Они начали осторожно спускаться вниз. Уже на улице Гуртуев еще раз посмотрел на здание и подошел к Дронго.

– Он должен был ей что-то сказать или предложить, иначе она бы не вошла сюда. Мне понравилось ваше предположение насчет их личного знакомства. Посмотрите, здесь рядом школьный двор, и, если бы он попытался применить силу, ребята услышали бы ее крики. Но никто и ничего не слышал.

– Похоже на то, – кивнул Дронго. – Давайте поедем в местный следственный комитет и поближе ознакомимся с уголовным делом. Прокуратура может сколько угодно его продлевать, но расследование не завершится этим эпизодом, если мы не вычислим убийцу.

В следственном комитете они провели весь день. Пришлось подтверждать свои полномочия через Москву, чтобы местный следователь разрешил им изучить материалы дела. Ночевать остались в местной гостинице, а рано утром за ними заехал Салимов, чтобы проводить на вокзал, откуда они должны были отправиться в Челябинск. Салимов был молчаливее обычного. Когда они сели в машину, он повернул голову в их сторону и сообщил:

– Распечатка у меня. Мы проверили все телефоны. Секретарь заведующей вспомнила, что в тот день звонил неизвестный мужчина и просил позвать к телефону Касимову. Почему-то она забыла об этом звонке, а когда мы назвали ей время, она вдруг вспомнила. Оказывается, в этот момент секретарша разговаривала по мобильнику со своим парнем. Незнакомец позвонил во время перерыва. Вот распечатки всех телефонных звонков. – Салимов протянул Дронго конверт с распечаткой.

– Вы знали, что так и будет? – спросил несколько ошеломленный Резунов.

– Догадывался, – ответил Дронго забирая конверт. – Откуда был звонок?

– С городского телефона, который находится…

– …рядом с вокзалом, – закончил за Салимова Дронго.

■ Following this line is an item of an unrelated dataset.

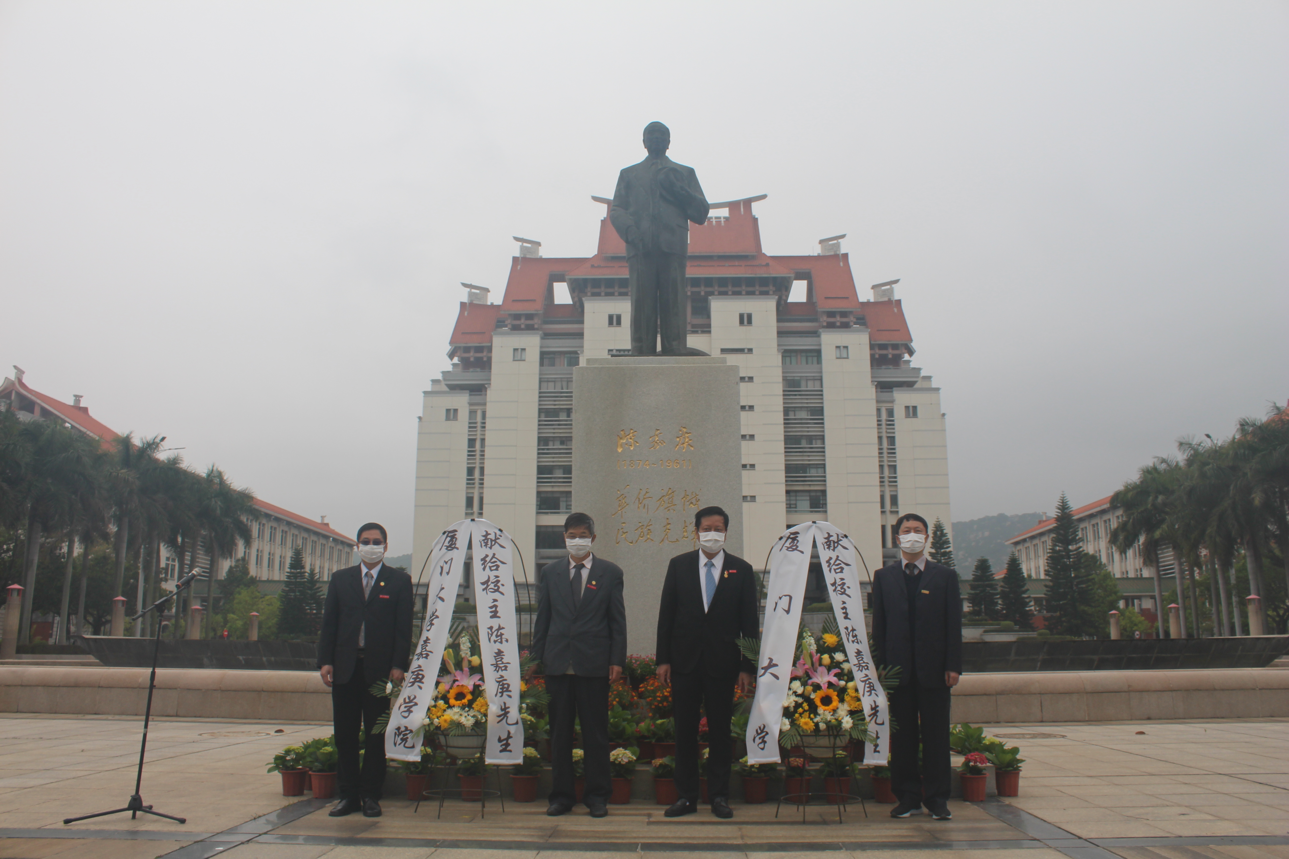 上午9时30分,校领导、校党委常委、校长助理、校友总会负责人、陈嘉庚先生后裔代表来到思明校区群贤楼前,祭扫陈嘉庚先生铜像,深切地缅怀他爱国爱校之深情和创办厦大之艰辛。

Тот немного помолчал, затем не очень уверенно спросил:

– Это догадка или вам уже доложили?

– У него оставалось мало времени, поэтому он и звонил с вокзала в приемную, а не Татьяне со своего мобильного. Все так и должно было быть.

– Наверное, да, – согласился Салимов и отвернулся.

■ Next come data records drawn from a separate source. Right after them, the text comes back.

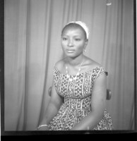 207. EAP449/2/12/207 Reference (shelfmark): EAP449/2/12/207 Title: A woman in a dress, headscarf, and necklace sitting in the studio. Collection Area: Endangered Archives Programme Languages: Not applicable Date Range: 2nd half od the 20th century Extent: 1 TIFF image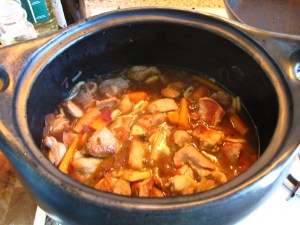 Add all the rest of the ingredients to the pork, add the caramel, put the pot lid on and simmer slowly on your stove top on the lowest possible heat for a minimum of two hours – any less and the meat will be tough.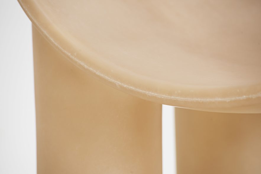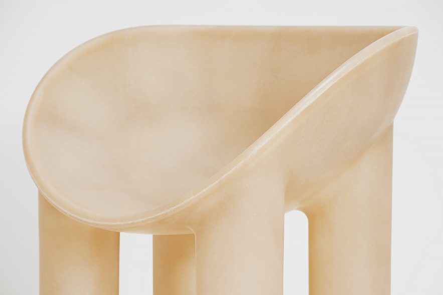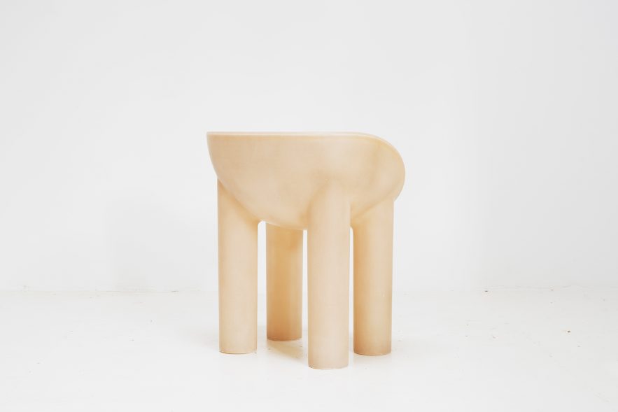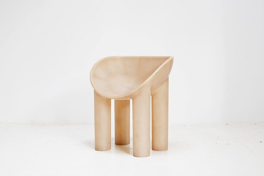 Her furniture and objects demonstrate a preoccupation with materiality and experimentation. All of her pieces are handmade by small-scale fabricators and traditional artisans, with an honesty to the rawness and irregularity of the chosen material.

– У меня еще одна просьба, – добавил Дронго. – Срочно проверьте, какие поезда и откуда приходили примерно за час до этого звонка. Много времени это не займет, достаточно просмотреть расписание прибывших поездов в тот день.

– Сделаю, – ответил Салимов. – Что-нибудь еще?

– Обратите особое внимание на поезда повышенной комфортности. Я почему-то уверен, что он ездит не плацкартом.

Гуртуев одобрительно кивнул головой. Да, он не ошибся, когда попросил об участии в расследовании Дронго. Он все понимал так же хорошо, как и сам Казбек Измайлович, чувствовал психотип преступника, а это было самым важным в расследовании.

– Если окажется, что вы правы, я начну вас просто бояться, – заметил Салимов, снова поворачиваясь к ним. – Я слышал, что бывают такие профессионалы, но никогда раньше с ними не встречался…

– Не такая уж и редкость, – возразил Гуртуев, вмешиваясь в разговор. – Опытный врач может поставить диагноз, как только больной войдет в кабинет, даже не осматривая его. Опытный портной с закрытыми глазами может назвать любую ткань. Опытный психолог сразу определяет, лжет человек или говорит правду. А наш опытный эксперт провел очень много расследований…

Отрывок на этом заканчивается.